Browser ──POST──> iii-engine (:3111) ──> spec-forge worker (Rust) ──> Claude API
│ │
│ JSONL patches (RFC 6902)
│ │
Browser <──WebSocket── iii Channel (:49134) <─────┘
│
└──> Progressive render (each patch = 1 component)
json-render calls the LLM on every request. No caching, no streaming, no rate limiting. API key exposed to client.
spec-forge is a pure iii-sdk worker that streams JSONL patches (RFC 6902) through iii Channels — each patch arrives at the browser via WebSocket the moment Claude generates it, so the UI fills in progressively.
| json-render | spec-forge + iii | |
|---|---|---|
| Architecture | Client-side LLM calls | iii worker with HTTP triggers |
| Output format | Full JSON response | JSONL patches (RFC 6902) |
| Streaming | Vercel AI SDK streamText |
iii Channels (WebSocket) |
| First paint | After full LLM response | After first patch (~200ms) |
| Cache | None | SHA-256 exact + TF-IDF semantic |
| Repeat request | 3-5s LLM call | 0ms cached |
| Rate limiting | None | Token bucket + concurrency semaphore |
| API key | Client-side | Server-side only |
| Observability | None | OpenTelemetry (built-in via iii) |
All numbers measured on Apple M-series. Reproduce: ./bench/run.sh
Both frameworks running the same operations in Node.js — no language advantage, pure algorithm comparison:
| Operation | json-render | spec-forge | Winner | Speedup |
|---|---|---|---|---|
| JSONL 3 patches (bulk) | 4.83 µs | 3.13 µs | spec-forge | 1.5x |
| JSONL 9 patches (chunked) | 16.77 µs | 10.11 µs | spec-forge | 1.7x |
| Prompt build (minimal) | 3.02 µs | 1.42 µs | spec-forge | 2.1x |
| Prompt build (dashboard) | 6.10 µs | 3.48 µs | spec-forge | 1.8x |
| Pipeline 9 elements | 15.90 µs | 11.94 µs | spec-forge | 1.3x |
| Validate 50 elements | 9.77 µs | 9.82 µs | tie | 1.0x |
| Parse 500 elements | 328 µs | 326 µs | tie | 1.0x |
spec-forge's JSONL parser is leaner — no dedup Set, no object spread on every batch. json-render's createSpecStreamCompiler buffers text, deduplicates lines, and copies the result object on every patch.

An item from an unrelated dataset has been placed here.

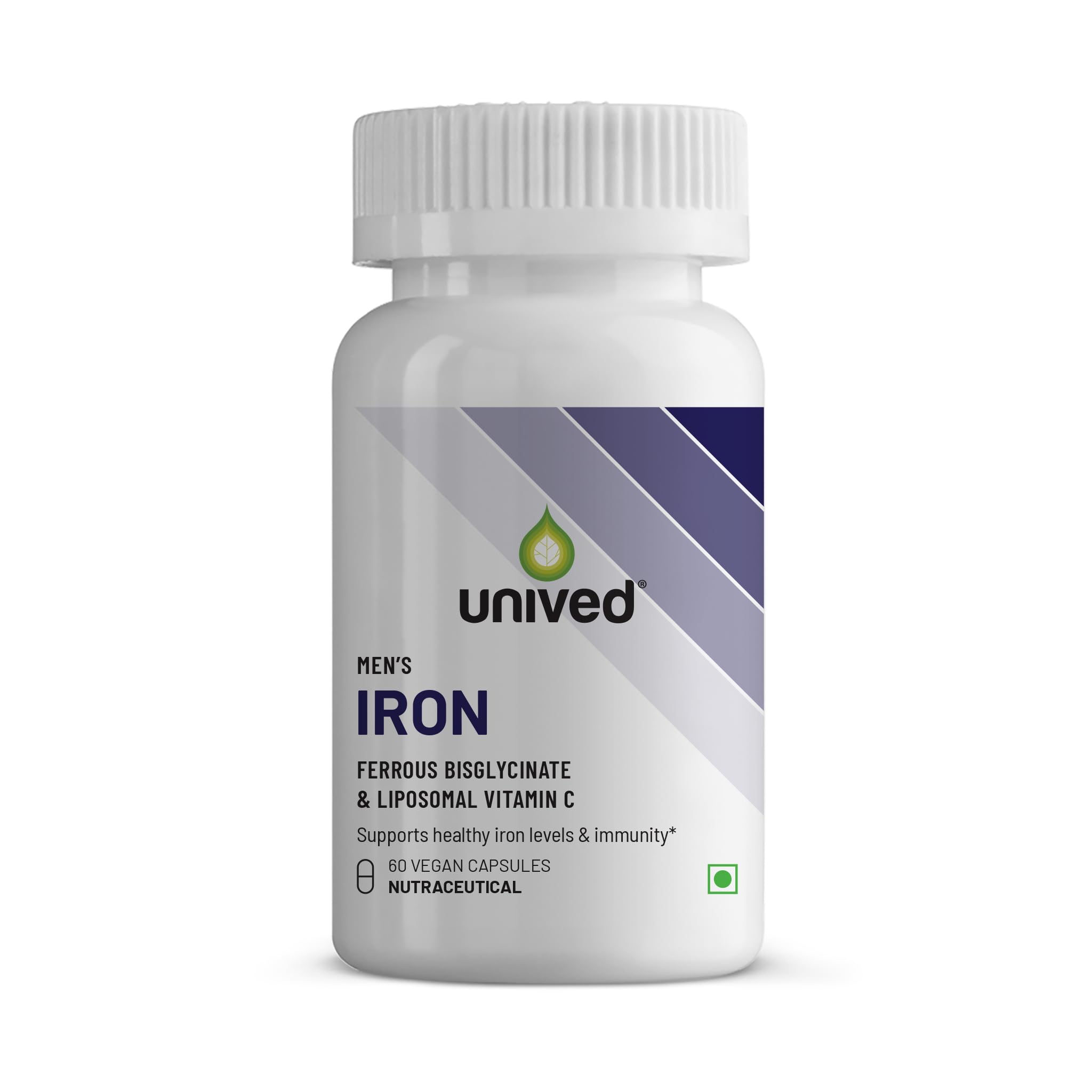 Unived Men’s Iron is a bioavailable iron supplement designed to support daily iron intake energy levels and red blood cell production. With 100% RDA of iron and vitamin C per capsule it offers superior absorption using Ferrous Bisglycinate and Liposomal Vitamin C—ideal for men seeking effective gentle iron support.

The Rust worker is where the real gap opens. These are actual production code paths with std::hint::black_box:
| Operation | Rust | JavaScript | Speedup |
|---|---|---|---|
| Stringify 3 elements | 0.56 µs | 1.12 µs | 2.0x |
| Stringify 500 elements | 63.6 µs | 141.5 µs | 2.2x |
| Stringify 2000 elements | 253 µs | 618 µs | 2.4x |
| Validate 500 elements | 74.0 µs | 112.2 µs | 1.5x |
| Validate 2000 elements | 312 µs | 586 µs | 1.9x |
| Parse 2000 elements | 1,062 µs | 1,497 µs | 1.4x |
json-render has zero caching. Every request is a fresh LLM call (3-5 seconds).

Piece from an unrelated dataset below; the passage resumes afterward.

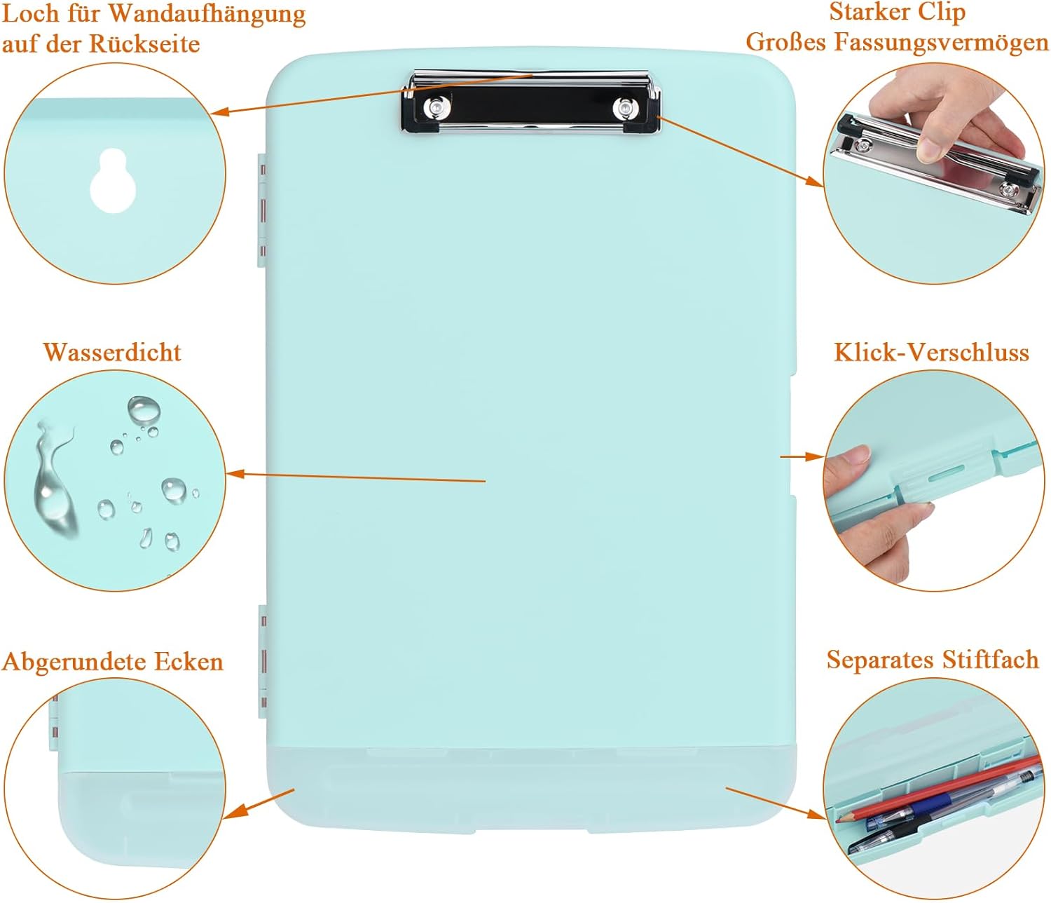 - Vielseitiges Klemmbrett : Multifunktionales Klemmbrett mit Ablagefach und Clip. Das geräumige aufbewahrungsfach kann gut genutzt werden, um Formulare, Dokumente und Schreibutensilien aufzubewahren. Ein kleines separates Fach ermöglicht leichten Zugriff

| Operation | spec-forge | json-render |
|---|---|---|
| SHA-256 exact cache hit | 0.04 µs | N/A (no cache) |
| TF-IDF semantic hit (10 entries) | 13.7 µs | N/A |
| TF-IDF semantic hit (100 entries) | 905 µs | N/A |
| Rate limiter acquire + release | 0.07 µs | N/A |
On repeat requests, spec-forge returns in < 1 µs (SHA-256 cache hit). json-render has no cache and re-invokes Claude every time: 3,000,000 - 5,000,000 µs (3-5 seconds).

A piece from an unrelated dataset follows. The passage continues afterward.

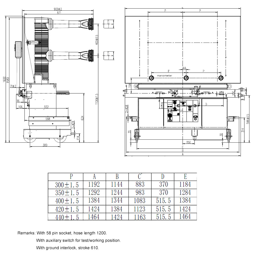 SF6 گیس سرکٹ بریکر مجموعی طور پر آؤٹ لائن ڈرائنگ

In practice this means repeat-request latency drops from 3-5 seconds to sub-microsecond — the user gets an instant response instead of waiting for a full LLM round-trip.
The TF-IDF semantic cache catches similar prompts too — "A revenue dashboard" matches "A sales dashboard with revenue metrics" at the 0.85 cosine threshold without burning an LLM call.
When spec-forge does call the LLM (cache miss), the total overhead from caching + validation + storage:
| Stage | Time |
|---|---|
| SHA-256 cache key | 2.65 µs |
| Exact cache lookup (miss) | 0.01 µs |
| TF-IDF semantic check (100 entries) | 905 µs |
| Rate limiter acquire | 0.07 µs |
| JSONL patch parsing (9 patches) | 8.27 µs |
| Spec validation (9 elements) | 0.90 µs |
| Cache store | ~1 µs |
| Total overhead | < 1 ms |
Negligible against the 2-5 second LLM call. You get caching, rate limiting, validation, and observability essentially for free.
./bench/run.sh # Everything (Rust + JS comparison + e2e)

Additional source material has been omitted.